Washington: After studied genetic data of more than 11,000 people, researchers have found six genes that predispose people to the most common subtype of migraine without aura.
Four of these genes are new and two of them confirm previous findings.
The new genes identified in this study provide further evidence for the hypothesis that dysregulation of molecules important in transmitting signals between brain neurons contribute to migraine. Two of the genes support the hypothesis of a possible role of blood vessels and thus disturbances in blood flow.
The researchers carried out what is known as a genome-wide association study (GWAS) to zoom in on genome variants that could increase susceptibility to migraine; they compared genomes of 4800 migraine patients with more than 7000 non-migraine individuals.
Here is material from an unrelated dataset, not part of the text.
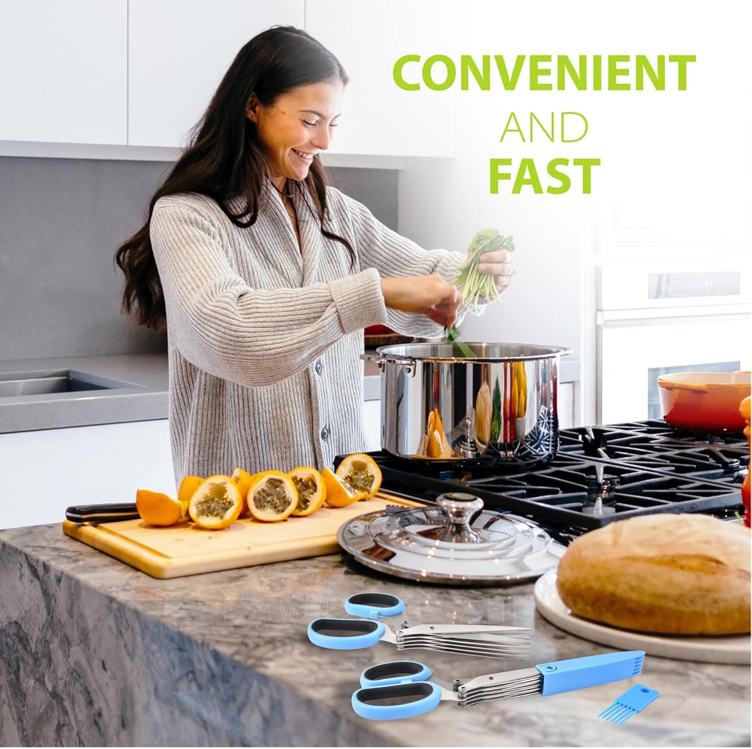 - Effortless Herb Chopping with 5 Sharp Blades - SASACIA herb scissors feature five stainless steel blades to cut herbs, lettuce, cilantro, and green onions evenly in seconds, saving you time in the kitchen.

The International Headache Genetics Consortium consisting of leading migraine researches from Europe and Australia performed the project.
This was the third report on genes predisposing people to common forms of migraine, but the first one on the most common migraine subtype.
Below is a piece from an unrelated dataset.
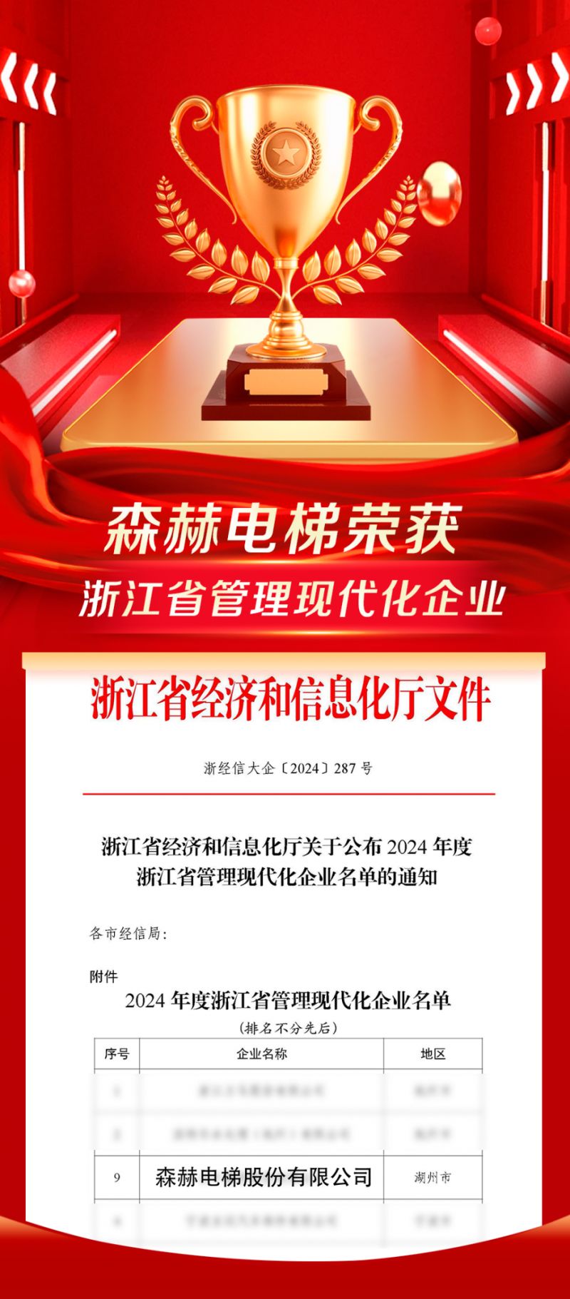 浙江省經濟和信息化廳公布2024年度浙江省管理現(xiàn)代化企業(yè)名單的通知,森赫電梯榮耀登榜,成為20家企業(yè)中唯一一家電梯企業(yè)。

“The study establishes for the first time a specific gene that contributes to this common disease,” said Professor Aarno Palotie at FIMM and the Wellcome Trust Sanger Institute, the chair of the International Headache Genetics Consortium.
The carefully studied migraine patients collected from specialized headache clinics were provided a strong basis for the success of this study.
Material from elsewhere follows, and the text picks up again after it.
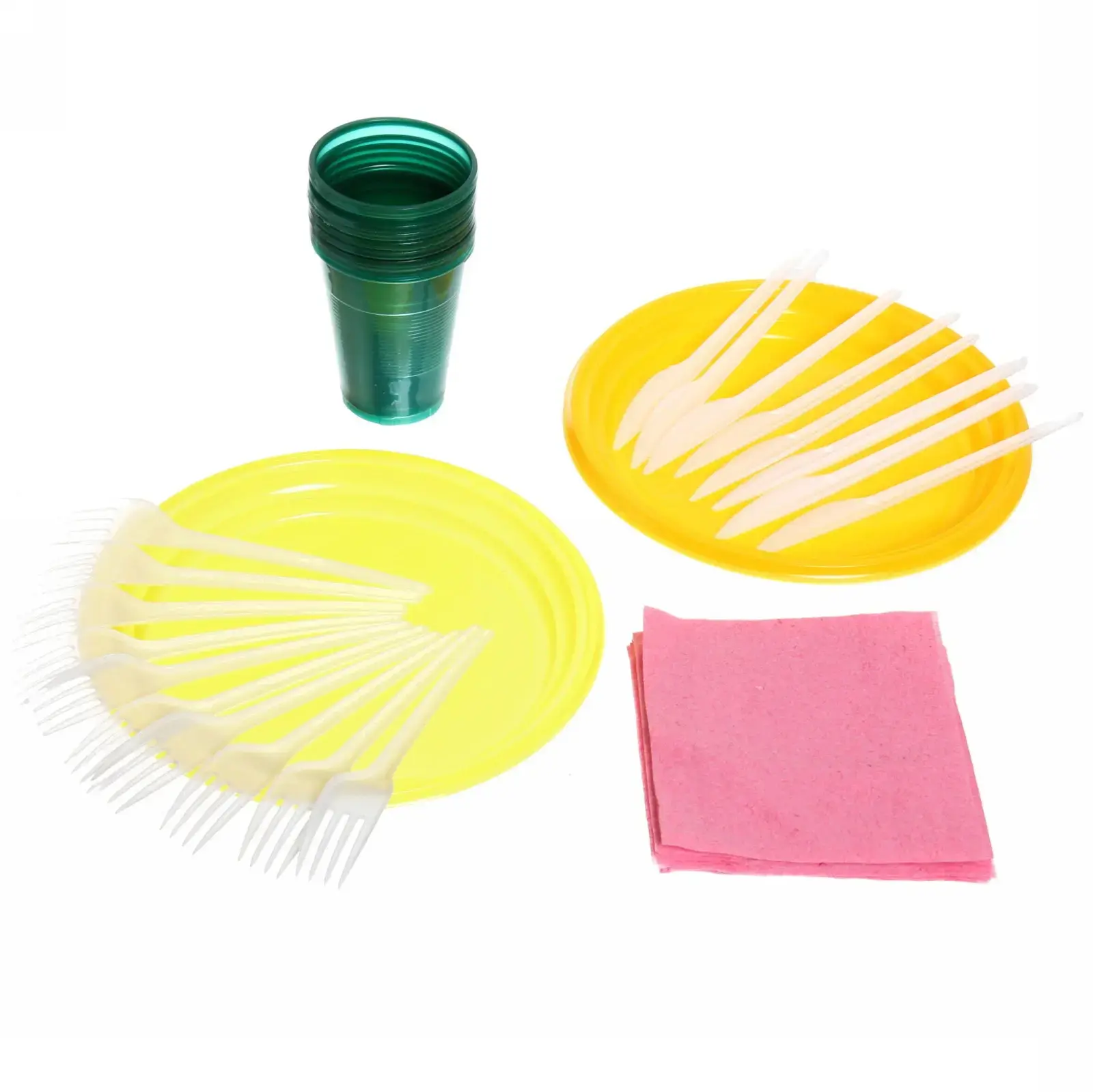 Набор посуды 'Пикник' на 10 персон, тарелка 20.5см, стакан 0.2л, вилка, нож, салфетки

Migraine affects approximately one in six women and one in eight men, making it a leading cause of work absence and short-term incapacity: 25 million school or work days are lost for migraine each year.
A US report measures its economic costs as similar to those of diabetes and WHO lists it as one of the top twenty diseases with the causes of years lived with disability (YLDs). In up to one third of migraine patients, the headache phase may be preceded or accompanied by transient neurological disturbances, the so-called aura (i.e. migraine with aura), while the majority of patients suffer from migraine without aura.
“Studies of this kind are possible only through large-scale international collaboration - bringing together the wealth of data with the right expertise and resources. The identified genes open new doors to investigate how this type of migraine comes about,” said Dr. Arn van den Maagdenberg, one of the senior authors on the paper.